LR: That's it you just know that copyright exists and then you speak to people who are professors of copyright law and you get more concerned.  It's very good when they suddenly say we must do something about this for you.  So more copyright lawyers should become archivists, as a career break, then they'll understand.

RD: As a Venn diagram there aren't many people sitting around [inaudible 51:14], not in the UK.  Thanks very much for your question.  Anyone else?  Yes, we've got one at the back and then we'll break for tea and coffee, and nice pastries.

SC: Hello this is a question for Caroline really, Susan Corrigall, Copyright Officer at the National Records of Scotland.  I must say that I was very, very impressed at your hit rate at tracking down the copyright holders, eighty plus percent.  What I would be interested in is that you spoke about the Wellcome had worked out the list of sources which they felt constituted a diligent search, is it possible at all to give any indication of the time which it took to trace the copyright holders, to do your reverse genealogy?

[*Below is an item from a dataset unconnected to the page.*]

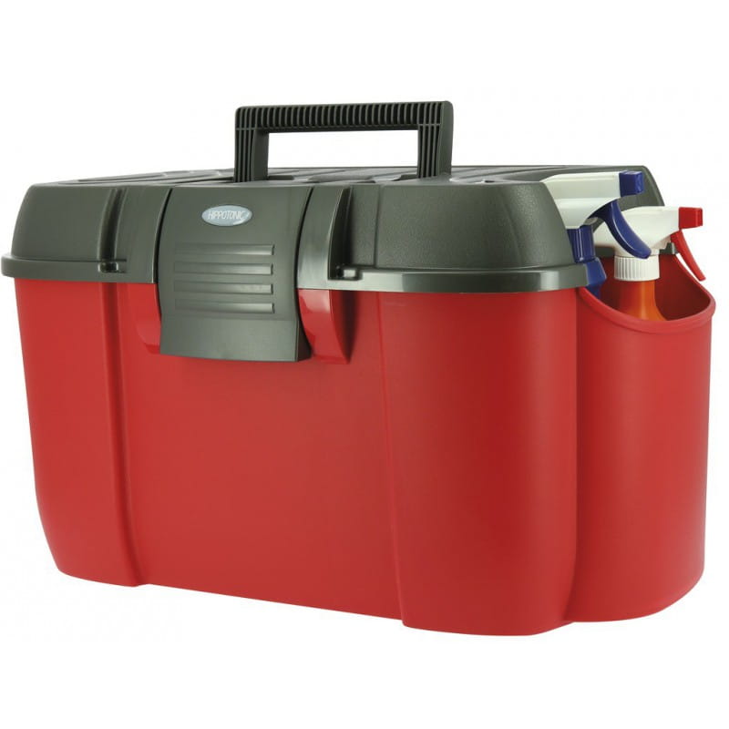 Pojemna skrzynka do przechowywania niezbędnych przyborów do pielęgnacji. Kieszeń boczna pomieści w pozycji pionowej nawet najwyższą butelkę. Duże plastikowe zamknięcie na klips, które utrzymuje pudełko bezpiecznie zamknięte podczas transportu. Możliwość zamknięcia na kłódkę, aby zabezpieczyć swoje rzeczy. Wyjmowana tacka na małe, trudne do znalezienia przedmioty. Wzmocniona pokrywa może wytrzymać do 120 kg.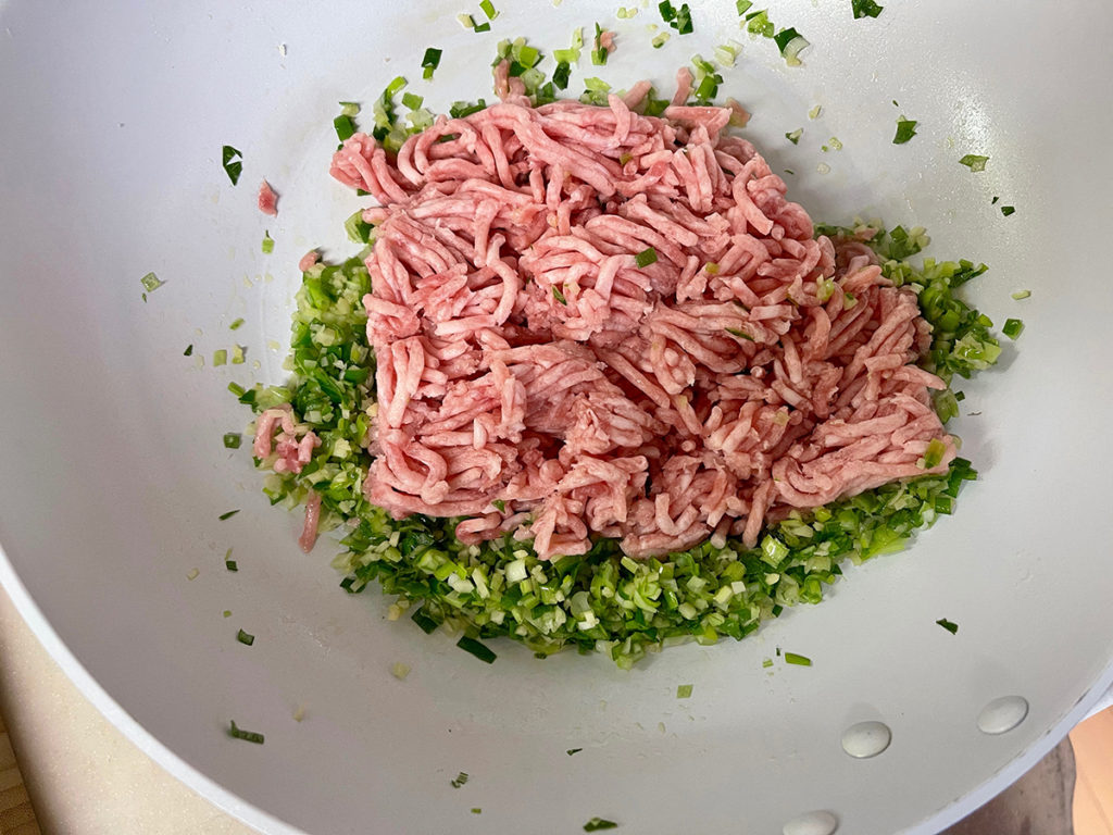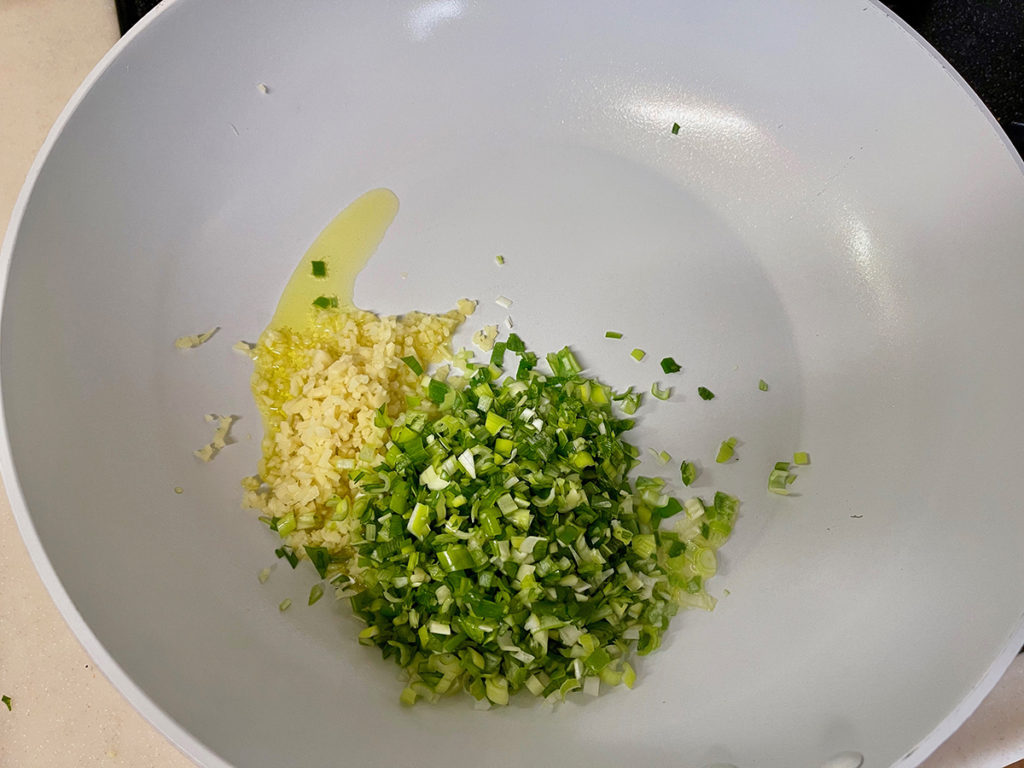 - フライパンにオリーブオイルを引き、青ネギと生姜を炒めます。

CHer: Short answer not really because it did vary a lot.  The sources were things like Who's Who and then if we thought there was a literary estate then the WATCH File which people may or may not be familiar with which lists contacts there.  I feel slightly bad saying this as a trained librarian but things like Google and Wikipedia with the obvious caveat that, that wasn't the only source but it was things like that where you'd maybe build up a picture.  If Wikipedia tells you that these are the names of the children then you search the names of the children in Who's Who or something and see if it tells you that their father was the person that you think it was and put it all together.  Because obviously if you get nothing back then it doesn't take long but I honestly, I mean it could have been an hour or two maybe for those that were more difficult to find or when you weren't getting anything back, sorry that's a very long way of saying I'm not sure I can really put a figure on it because some were very quick and some took a lot longer.

SC: How long were you working on finding the copyright if you could say, was it a two year project how many weeks, months?Christy_Caroline

CHen: We didn't work intensively in copyright the entire time though.

CHer: No, I was juggling it with other things, so.

CHen: And also we had a big push to find a lot of people, send off a bunch of letters, and then wait and do nothing.  And then things come back and they suddenly start going oh can we have copies or our fifty letters and so that added up time.

CHer: I can tell you that if someone's got a list of about twenty files that there are letters in and you end up with the copies about an inch thick going in to the envelope, that takes at least a day, maybe more.

RD: I think one of the things to appreciate about Codebreakers is it was never a project that was designed to study rights clearance - that was not part of the brief at the start.  It was when we came in and said oh, you're doing amazing things here, let's think about the implications for rights clearance and times and costs and making life easier but that again we'll talk about next steps at the end. But I think anybody, any archivist in the room who's contemplating any kind of digitisation project that is one of the things that you might think about tracking, because that's really useful information, really useful evidence that helps us begin to think about what copyright policy should be in this space.  So if there are fudgy answers here it's because they just weren't thinking about this stuff at the start.

CHen: And also we're kind of pre-limiting ourselves to those who are already easier to find.  If we'd suddenly opened up the floodgates and said we're going to trace every single John Smith...

LR: It makes your job impossible.

CHen: It would be infinite.

RD: Okay thank you very much for your questions.  Let's take a break, we reconvene at quarter past.  We'll have a second panel, which is Victoria providing some reflections on the Codebreakers project and then a general Q and A about the nature of risk and what are appropriate risk criteria for archivists to think about when you're doing something like this. Thank you very much.